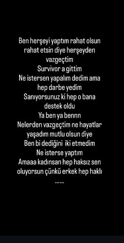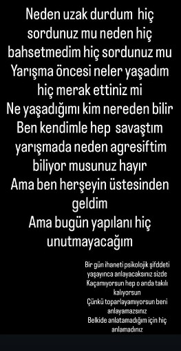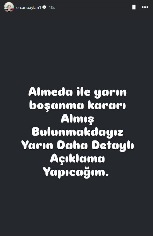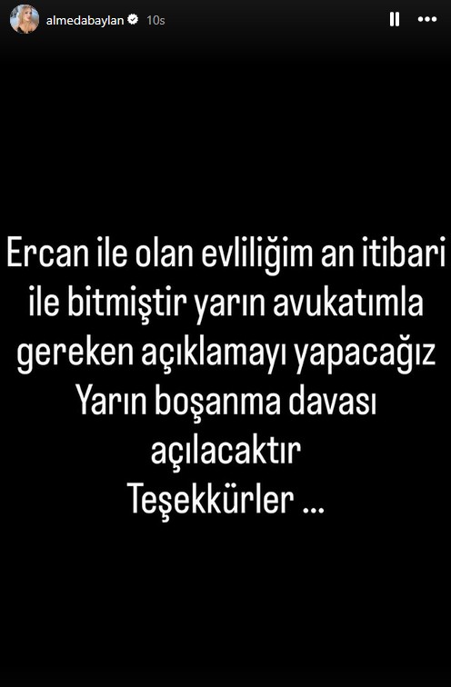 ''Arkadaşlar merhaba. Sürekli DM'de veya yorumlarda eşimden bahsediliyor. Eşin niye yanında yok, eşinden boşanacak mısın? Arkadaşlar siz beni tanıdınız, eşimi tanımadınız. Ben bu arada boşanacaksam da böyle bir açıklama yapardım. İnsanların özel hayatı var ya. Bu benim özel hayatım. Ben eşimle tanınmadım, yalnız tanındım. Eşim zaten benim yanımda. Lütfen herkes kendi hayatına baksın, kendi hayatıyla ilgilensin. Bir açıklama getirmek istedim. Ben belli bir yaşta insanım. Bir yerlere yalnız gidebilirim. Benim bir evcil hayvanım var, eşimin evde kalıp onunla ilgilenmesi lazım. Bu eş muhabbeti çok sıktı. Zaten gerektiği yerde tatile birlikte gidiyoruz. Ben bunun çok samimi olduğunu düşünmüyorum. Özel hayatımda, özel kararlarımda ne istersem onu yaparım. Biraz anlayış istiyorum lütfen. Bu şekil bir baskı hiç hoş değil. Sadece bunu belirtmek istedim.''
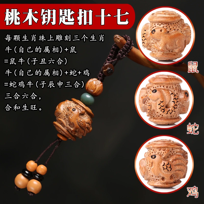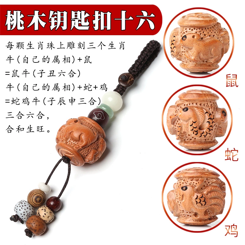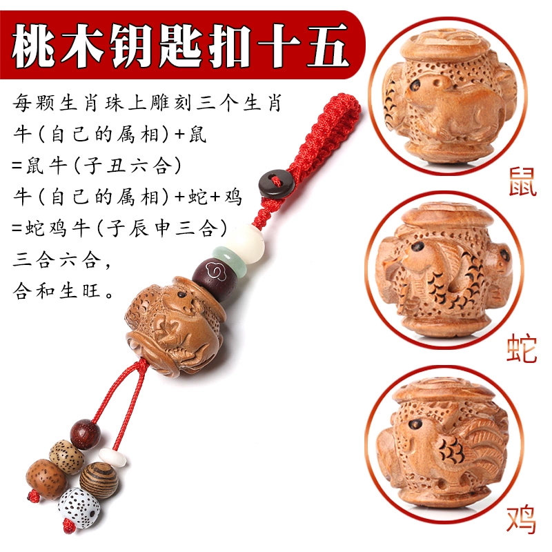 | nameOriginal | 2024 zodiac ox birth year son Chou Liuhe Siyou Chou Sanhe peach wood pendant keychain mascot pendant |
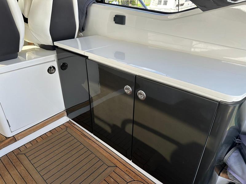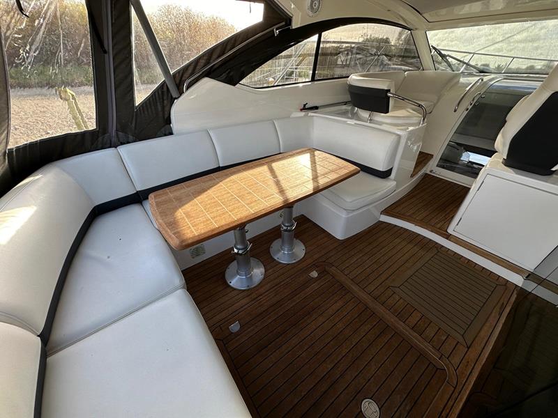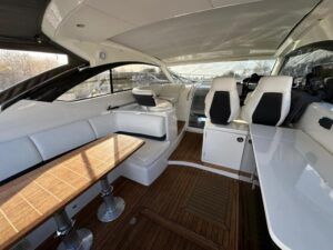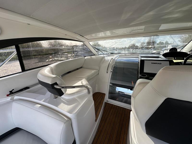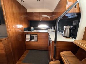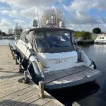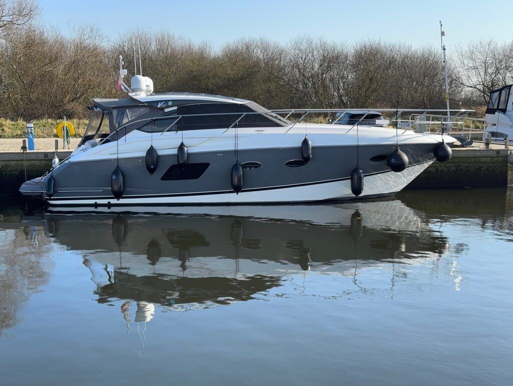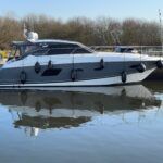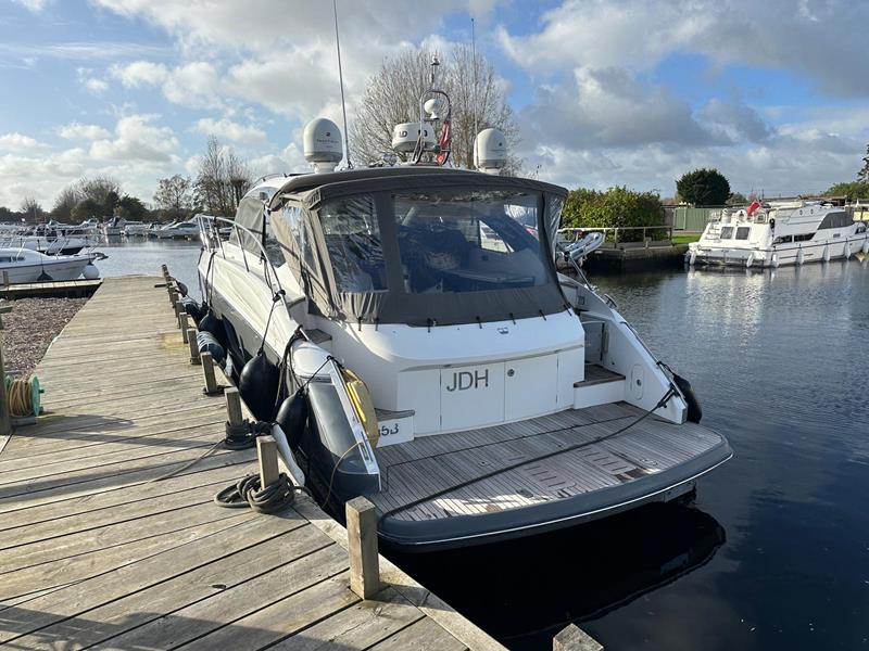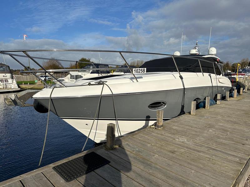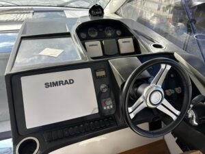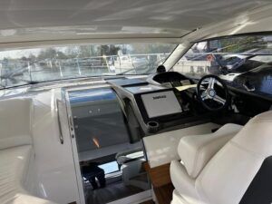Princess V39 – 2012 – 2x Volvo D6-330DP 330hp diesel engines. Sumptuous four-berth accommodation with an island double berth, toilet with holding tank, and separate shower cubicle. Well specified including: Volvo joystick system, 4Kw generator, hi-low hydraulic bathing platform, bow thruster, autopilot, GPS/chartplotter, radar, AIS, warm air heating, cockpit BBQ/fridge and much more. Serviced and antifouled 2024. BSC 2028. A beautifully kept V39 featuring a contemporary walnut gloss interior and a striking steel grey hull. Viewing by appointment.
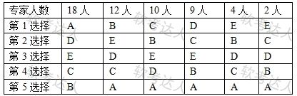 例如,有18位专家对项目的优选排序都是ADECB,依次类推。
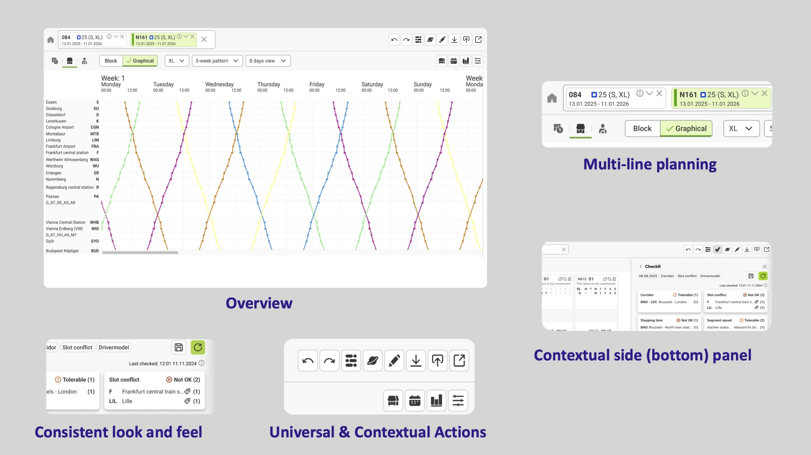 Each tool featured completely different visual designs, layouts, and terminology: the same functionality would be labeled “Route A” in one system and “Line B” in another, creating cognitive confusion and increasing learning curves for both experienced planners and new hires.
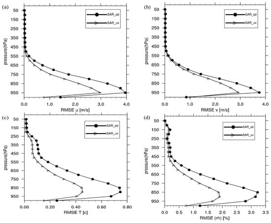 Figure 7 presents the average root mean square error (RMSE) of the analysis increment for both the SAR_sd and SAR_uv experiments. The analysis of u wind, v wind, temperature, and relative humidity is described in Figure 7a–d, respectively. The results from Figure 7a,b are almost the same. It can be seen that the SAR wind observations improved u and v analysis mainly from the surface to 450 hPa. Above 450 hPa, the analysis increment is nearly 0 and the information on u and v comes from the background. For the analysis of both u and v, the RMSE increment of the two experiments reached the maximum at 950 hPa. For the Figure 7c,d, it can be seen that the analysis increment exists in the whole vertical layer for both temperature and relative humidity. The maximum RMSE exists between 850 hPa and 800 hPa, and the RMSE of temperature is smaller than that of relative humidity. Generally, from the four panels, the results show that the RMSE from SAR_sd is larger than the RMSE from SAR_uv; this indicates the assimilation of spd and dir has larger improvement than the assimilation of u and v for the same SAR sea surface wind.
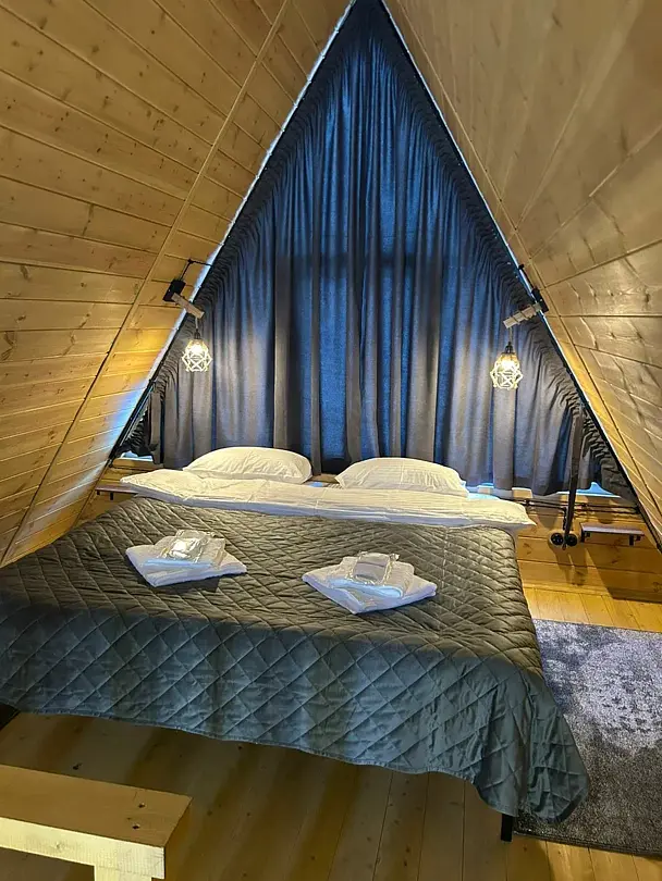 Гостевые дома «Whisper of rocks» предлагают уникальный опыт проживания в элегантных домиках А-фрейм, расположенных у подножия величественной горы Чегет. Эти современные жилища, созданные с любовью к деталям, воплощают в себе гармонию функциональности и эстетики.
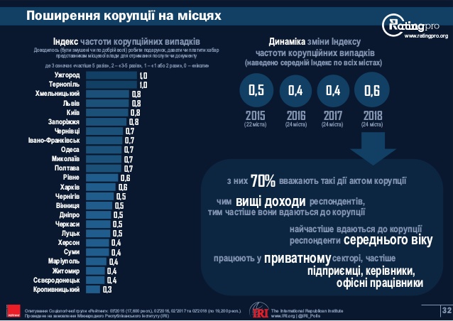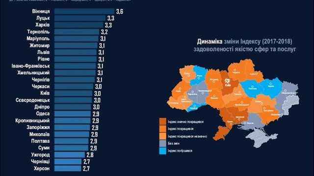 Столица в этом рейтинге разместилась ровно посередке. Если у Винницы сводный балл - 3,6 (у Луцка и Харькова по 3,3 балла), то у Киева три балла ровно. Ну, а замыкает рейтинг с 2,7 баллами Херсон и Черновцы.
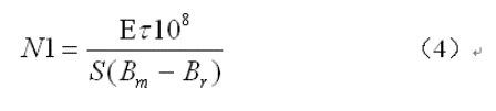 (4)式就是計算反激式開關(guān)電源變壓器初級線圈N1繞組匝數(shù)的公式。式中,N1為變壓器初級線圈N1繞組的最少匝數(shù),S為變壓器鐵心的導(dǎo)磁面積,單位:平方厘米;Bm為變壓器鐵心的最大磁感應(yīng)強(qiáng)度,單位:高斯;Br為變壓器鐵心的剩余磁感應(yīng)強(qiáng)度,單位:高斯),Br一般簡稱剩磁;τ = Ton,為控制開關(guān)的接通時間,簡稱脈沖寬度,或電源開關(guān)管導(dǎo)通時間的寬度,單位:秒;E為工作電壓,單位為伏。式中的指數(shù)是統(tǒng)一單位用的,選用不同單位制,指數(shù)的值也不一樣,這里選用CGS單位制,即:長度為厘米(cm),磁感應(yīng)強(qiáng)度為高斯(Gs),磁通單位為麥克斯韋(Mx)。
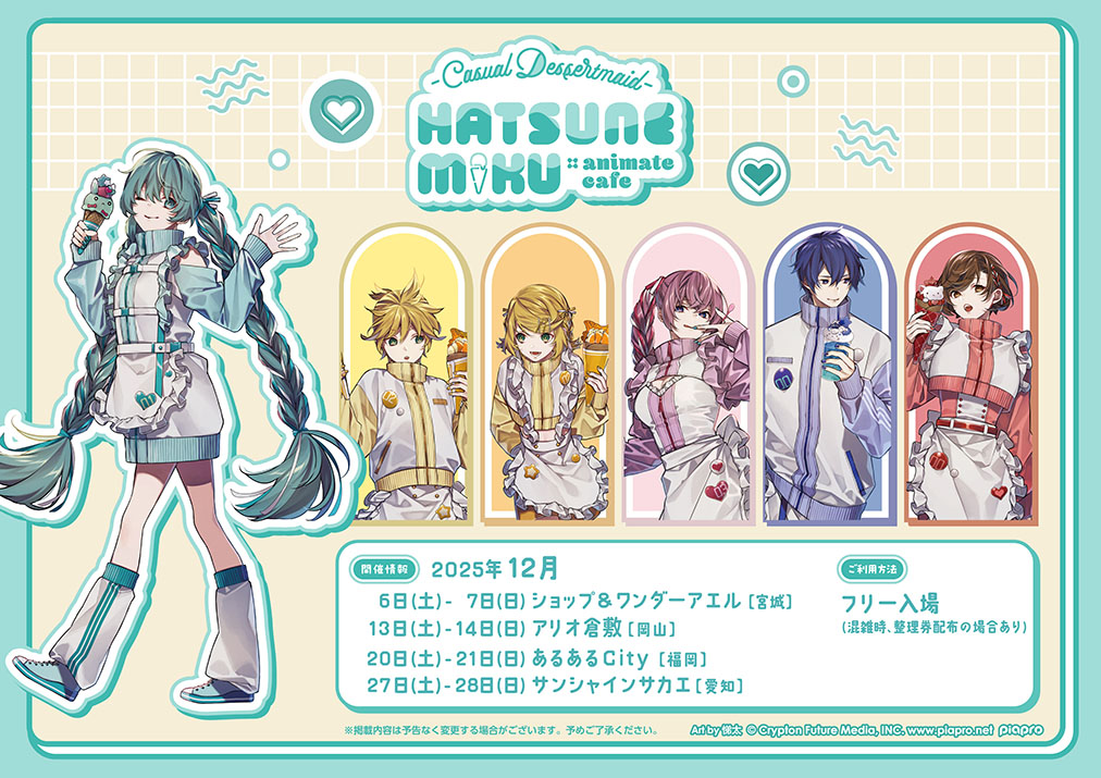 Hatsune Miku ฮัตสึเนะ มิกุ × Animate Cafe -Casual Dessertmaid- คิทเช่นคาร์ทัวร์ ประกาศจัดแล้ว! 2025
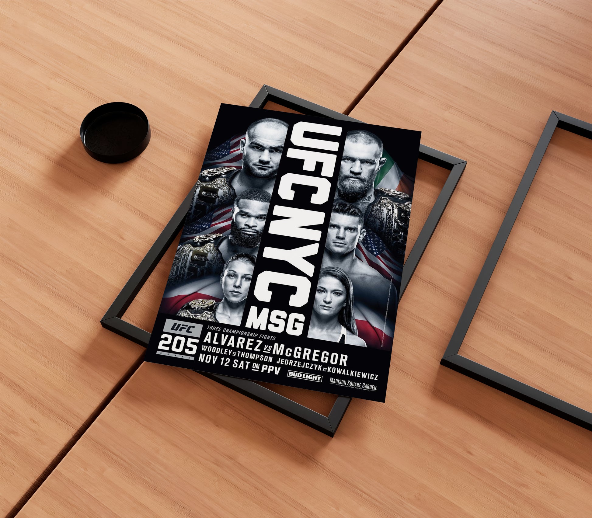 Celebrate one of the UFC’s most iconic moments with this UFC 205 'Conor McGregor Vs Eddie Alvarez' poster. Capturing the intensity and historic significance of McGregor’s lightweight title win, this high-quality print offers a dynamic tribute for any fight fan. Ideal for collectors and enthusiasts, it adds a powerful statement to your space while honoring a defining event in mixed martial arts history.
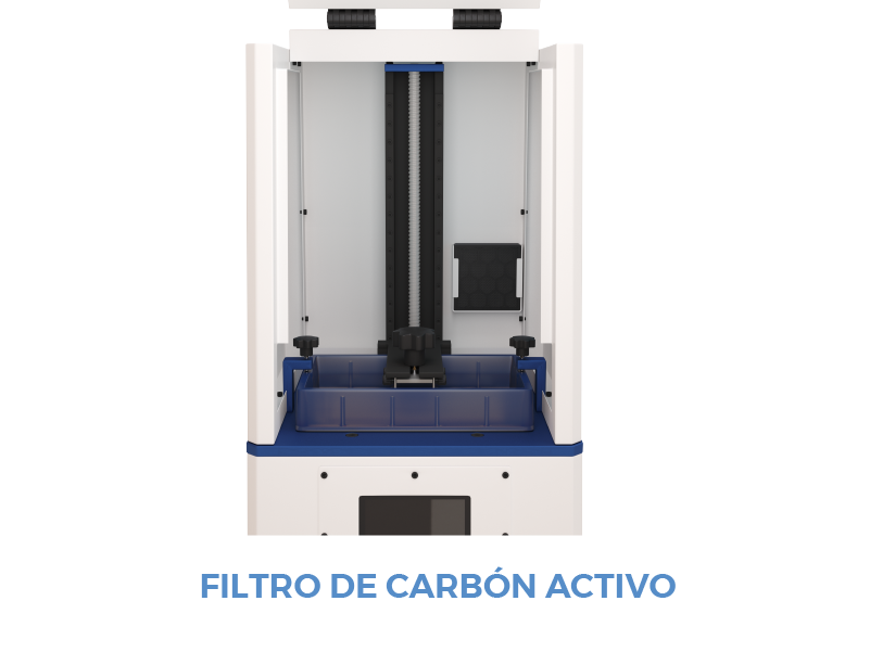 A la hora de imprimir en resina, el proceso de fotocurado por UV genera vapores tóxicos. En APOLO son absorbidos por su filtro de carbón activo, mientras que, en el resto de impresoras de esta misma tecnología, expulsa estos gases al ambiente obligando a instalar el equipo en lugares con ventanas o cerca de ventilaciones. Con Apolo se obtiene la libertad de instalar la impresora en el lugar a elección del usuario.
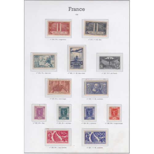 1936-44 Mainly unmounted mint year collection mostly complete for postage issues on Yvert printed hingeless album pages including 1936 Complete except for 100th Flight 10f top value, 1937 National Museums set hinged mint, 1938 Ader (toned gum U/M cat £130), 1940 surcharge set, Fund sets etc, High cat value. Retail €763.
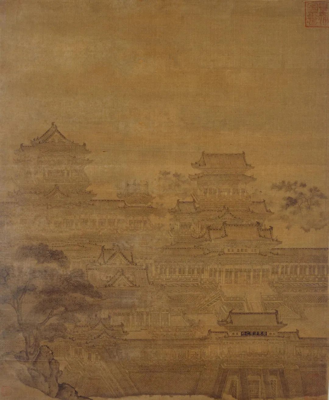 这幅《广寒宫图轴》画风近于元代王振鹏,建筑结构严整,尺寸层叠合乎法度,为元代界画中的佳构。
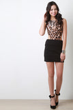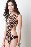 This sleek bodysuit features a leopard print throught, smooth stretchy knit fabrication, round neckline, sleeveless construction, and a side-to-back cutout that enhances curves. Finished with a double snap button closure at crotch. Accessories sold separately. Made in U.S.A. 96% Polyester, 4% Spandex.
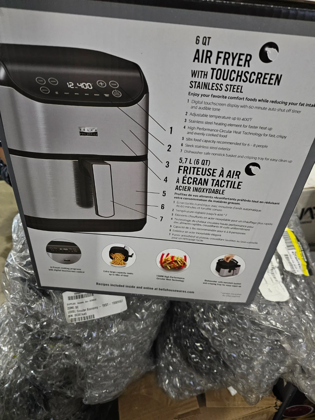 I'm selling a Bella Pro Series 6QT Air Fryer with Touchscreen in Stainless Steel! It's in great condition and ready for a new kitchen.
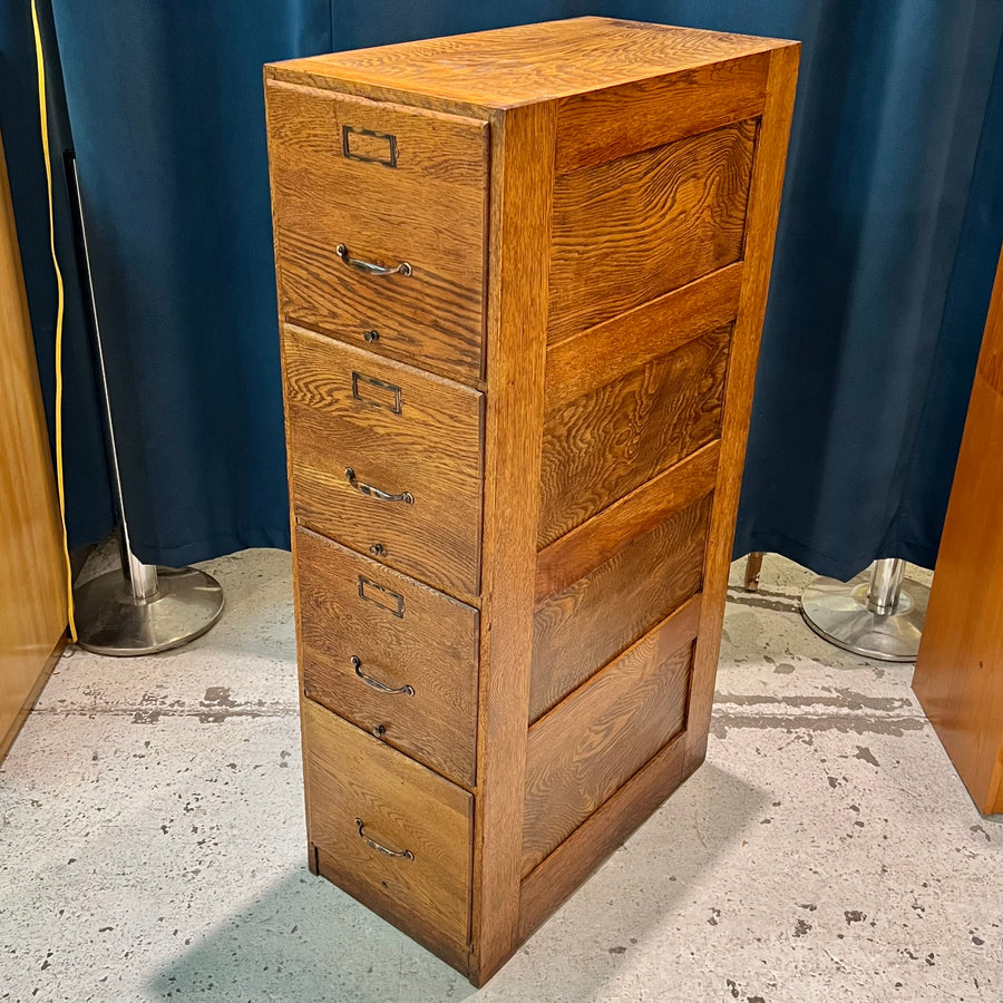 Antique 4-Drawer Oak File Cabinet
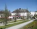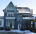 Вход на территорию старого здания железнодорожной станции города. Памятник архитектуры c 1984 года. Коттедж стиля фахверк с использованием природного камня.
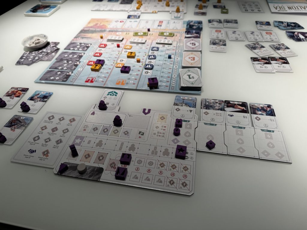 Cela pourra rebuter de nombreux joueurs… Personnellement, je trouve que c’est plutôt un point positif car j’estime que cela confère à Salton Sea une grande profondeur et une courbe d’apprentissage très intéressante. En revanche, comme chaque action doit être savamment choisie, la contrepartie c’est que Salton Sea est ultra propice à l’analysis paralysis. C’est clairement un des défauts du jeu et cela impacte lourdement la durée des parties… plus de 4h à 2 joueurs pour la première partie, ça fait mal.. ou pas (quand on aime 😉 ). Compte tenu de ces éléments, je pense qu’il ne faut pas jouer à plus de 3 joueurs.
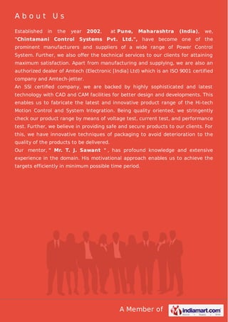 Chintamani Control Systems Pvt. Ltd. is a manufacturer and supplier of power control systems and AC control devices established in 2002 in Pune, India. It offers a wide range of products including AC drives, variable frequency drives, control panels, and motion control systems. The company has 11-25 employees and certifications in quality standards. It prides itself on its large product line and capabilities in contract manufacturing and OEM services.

════════

_Your objective_.
In the records above, find the line with "例如,有18位专家对项目的优选排序都是ADECB,依次类推。" and the line with "Столица в этом"; please transcribe exactly those two lines and all lines between them, omitting any picture.

_Exercise result_.
 例如,有18位专家对项目的优选排序都是ADECB,依次类推。
 Each tool featured completely different visual designs, layouts, and terminology: the same functionality would be labeled “Route A” in one system and “Line B” in another, creating cognitive confusion and increasing learning curves for both experienced planners and new hires.
 Figure 7 presents the average root mean square error (RMSE) of the analysis increment for both the SAR_sd and SAR_uv experiments. The analysis of u wind, v wind, temperature, and relative humidity is described in Figure 7a–d, respectively. The results from Figure 7a,b are almost the same. It can be seen that the SAR wind observations improved u and v analysis mainly from the surface to 450 hPa. Above 450 hPa, the analysis increment is nearly 0 and the information on u and v comes from the background. For the analysis of both u and v, the RMSE increment of the two experiments reached the maximum at 950 hPa. For the Figure 7c,d, it can be seen that the analysis increment exists in the whole vertical layer for both temperature and relative humidity. The maximum RMSE exists between 850 hPa and 800 hPa, and the RMSE of temperature is smaller than that of relative humidity. Generally, from the four panels, the results show that the RMSE from SAR_sd is larger than the RMSE from SAR_uv; this indicates the assimilation of spd and dir has larger improvement than the assimilation of u and v for the same SAR sea surface wind.
 Гостевые дома «Whisper of rocks» предлагают уникальный опыт проживания в элегантных домиках А-фрейм, расположенных у подножия величественной горы Чегет. Эти современные жилища, созданные с любовью к деталям, воплощают в себе гармонию функциональности и эстетики.
 Столица в этом рейтинге разместилась ровно посередке. Если у Винницы сводный балл - 3,6 (у Луцка и Харькова по 3,3 балла), то у Киева три балла ровно. Ну, а замыкает рейтинг с 2,7 баллами Херсон и Черновцы.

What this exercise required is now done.